Color profiling for monitors-basic questions

Discussion in 'Digital Photography' started by macmesser, Nov 6, 2013.

  1. macmesser macrumors 6502a

    Joined:
    Aug 13, 2012
    Location:
    Long Island, NY USA
    #1
    Who here uses uses a third party solution for color profiling their monitor and what do you use? I use x-rite i1 Display Pro and it seems to do a good job with not too much fuss.

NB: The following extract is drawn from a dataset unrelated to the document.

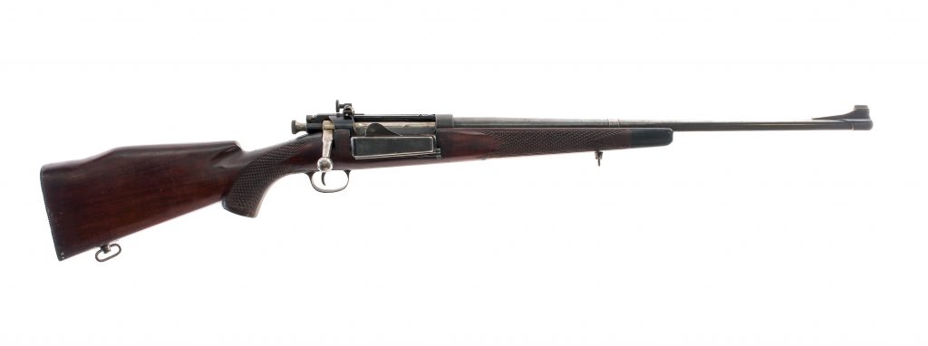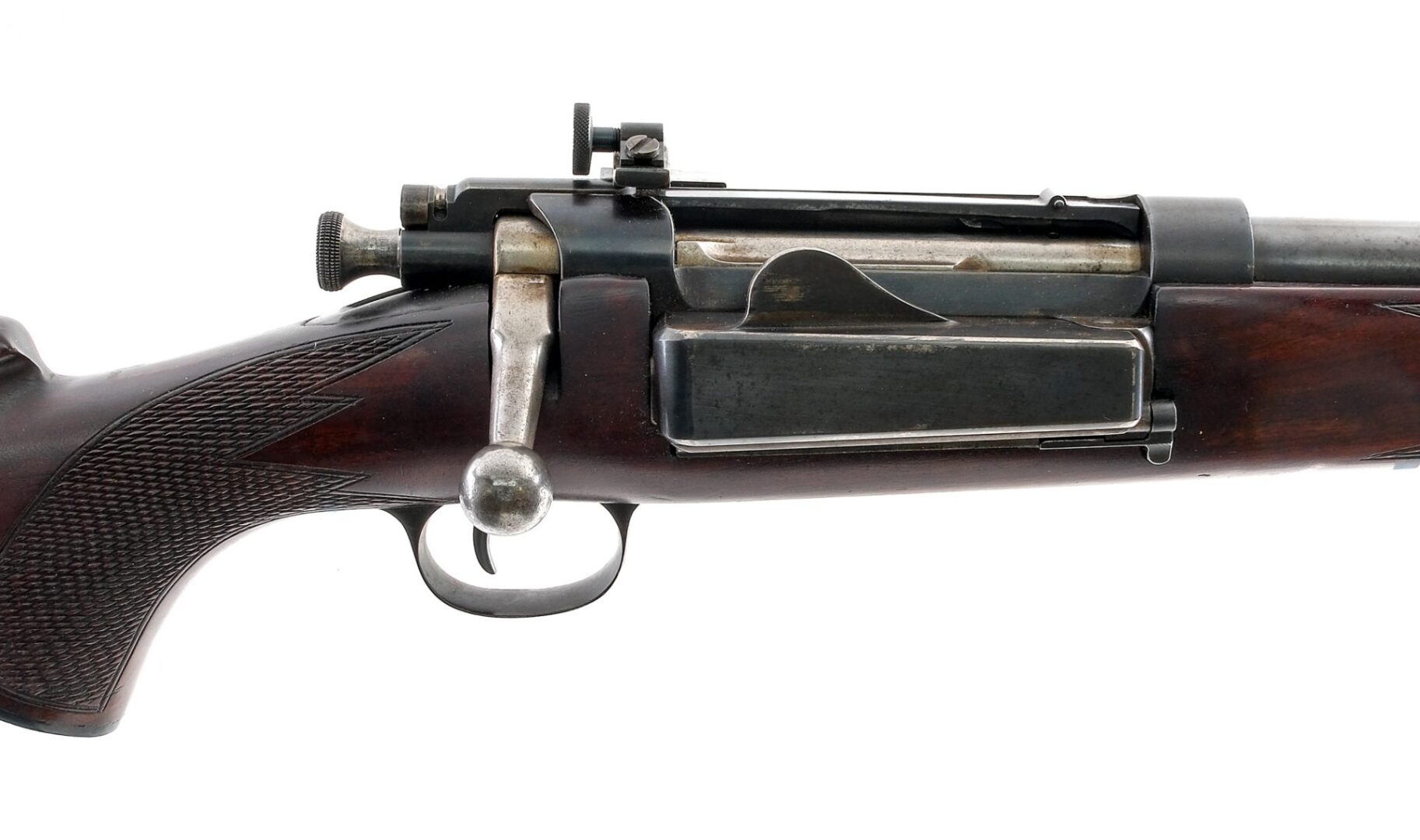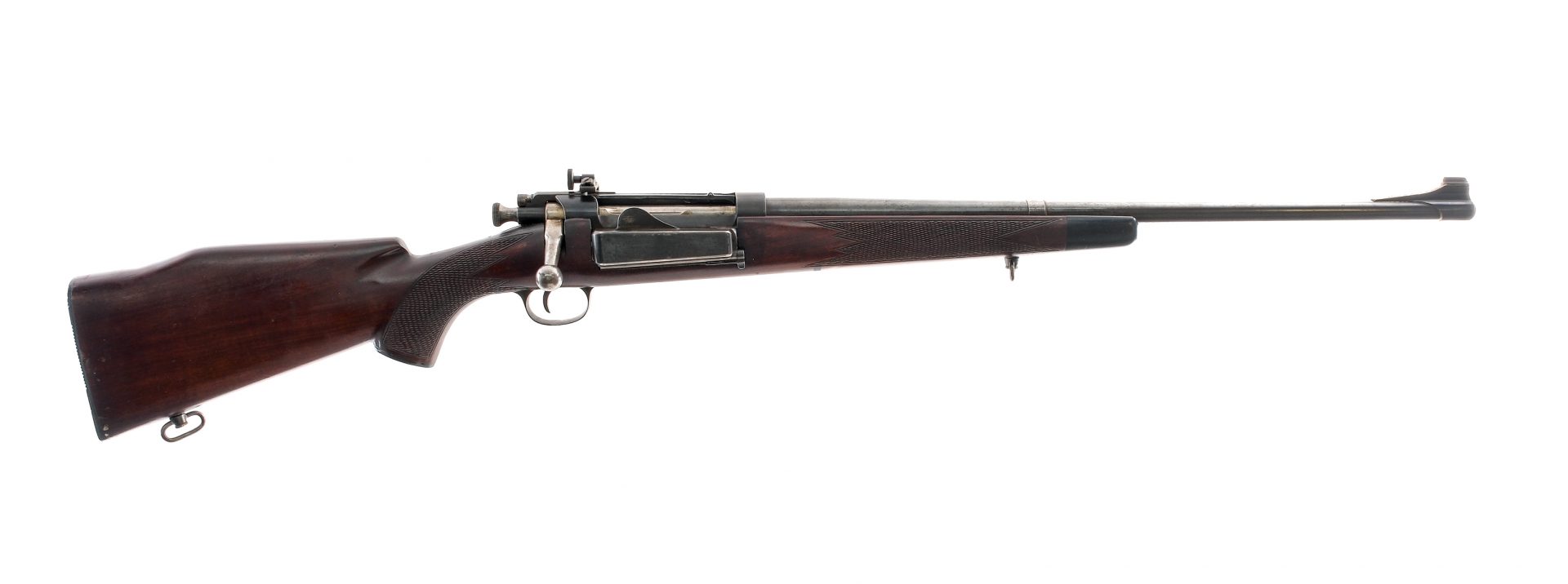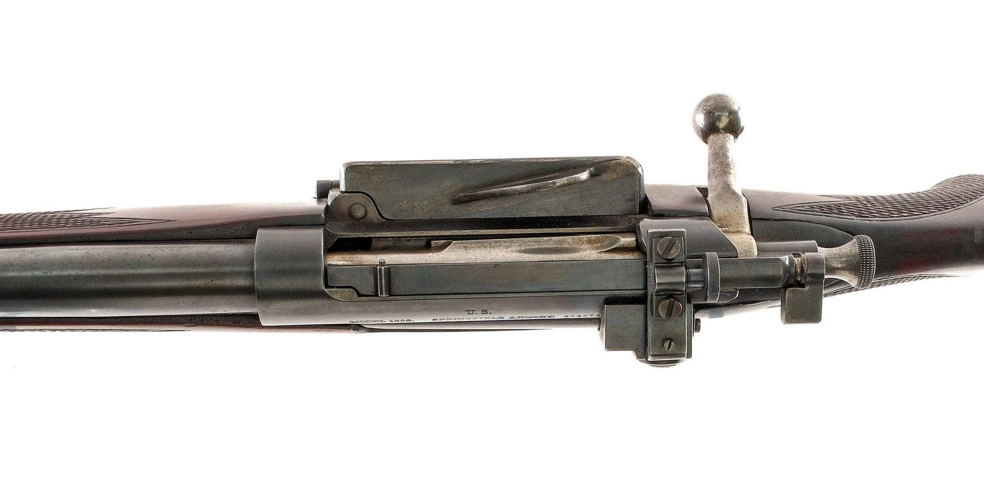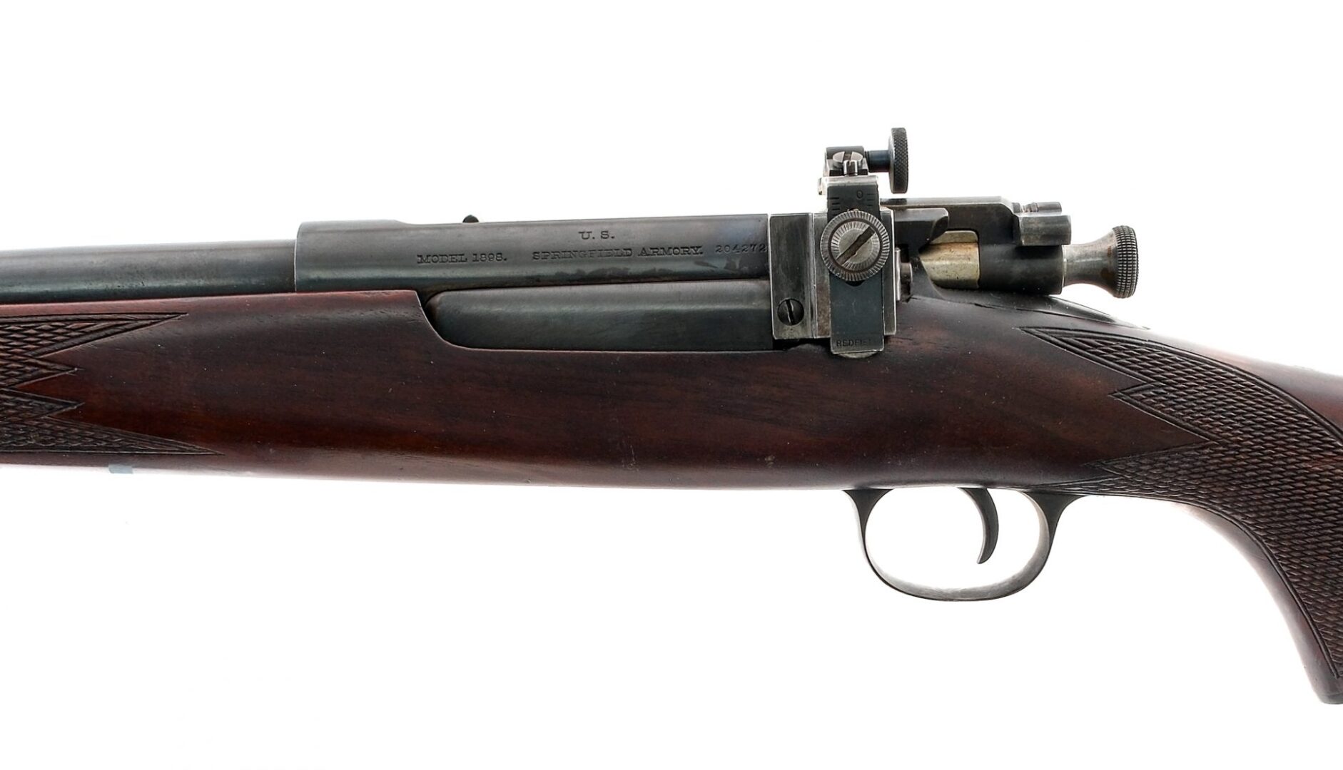 Description U.S. Springfield Armory 1898 Krag chambered in .30-40 Krag with a five round integral magazine and a 23″ barrel. The receiver was manufactured in 1900 withs serial number 204272. Blued barrel, receiver, magazine, trigger, and trigger guard. Unfinished bolt with flag style safety. Aftermarket wood Monte Carlo stock with diamond checkered forend and pistol grip. Ribbed Bishop Stocks butt plate. Front and rear sling swivels. The receiver is drilled and tapped and mounted with an aftermarket adjustable peep sight. Aftermarket ramped front blade sight with custom engraved/stippled ramp. Must ship to a FFL or C&R holder. Condition: Good/Very Good as being Sporterized, light scratches and finish wear from handling and operation. Spots of finish patina. Light speckling of metal oxidation across most metal parts. Some scratches, scuffs, and dings in the wood. Mostly clean bore with light frosting of metal oxidation, strong visible rifling. Barrel Length: 23″ Serial: 204272 Manufacturer: SPRINGFIELD ARMORY Year: 1900 Caliber: .30-40 Krag Model: 1898 Krag Book# 02469

    I'm wondering if it's ok to change brightness and contrast settings once a profile is made without basically destroying the profile. Clearly, changing color balance would defeat the purpose of profiling but monitors and profiling devices now have the ability to measure ambient light and adjust brightness accordingly. I guess when such adjustments are made through the profiling software on the basis of ambient light measurement by the profiling device, the profile is being consulted. What about making a profile and then eyeballing brightness/contrast as lighting conditions change? Would it be good enough to note brightness and contrast settings and use them as benchmarks? They could then be restored if desired and it seems that as long as color balance has not been changed things should be OK.
     
  2. blanka macrumors 68000

    Joined:
    Jul 30, 2012
    #2
    With most serious monitors being calibrated under ∂E 2-3 to either or both sRGB and AdobeRGB, I just pop OSX in the same profile and go to work. The risk of messing up your workflow with custom profiles is much higher than having the final 1-2 ∂E spot on.
     
  3. Apple fanboy macrumors P6

    Apple fanboy

    Joined:
    Feb 21, 2012
    Location:
    Behind the Lens, UK
    #3
    Ideally you should control the ambient lighting in the room you are editing in so it is consistent throughout the day. By changing the brightness you are changing the profile. The i1 Display will measure ambient lighting and make adjustments through out the day to suit (if you leave it plugged in) but it wouldn't be how I control my workflow. Think about some blinds or a monitor hood if overhead or sunlight is causing issues.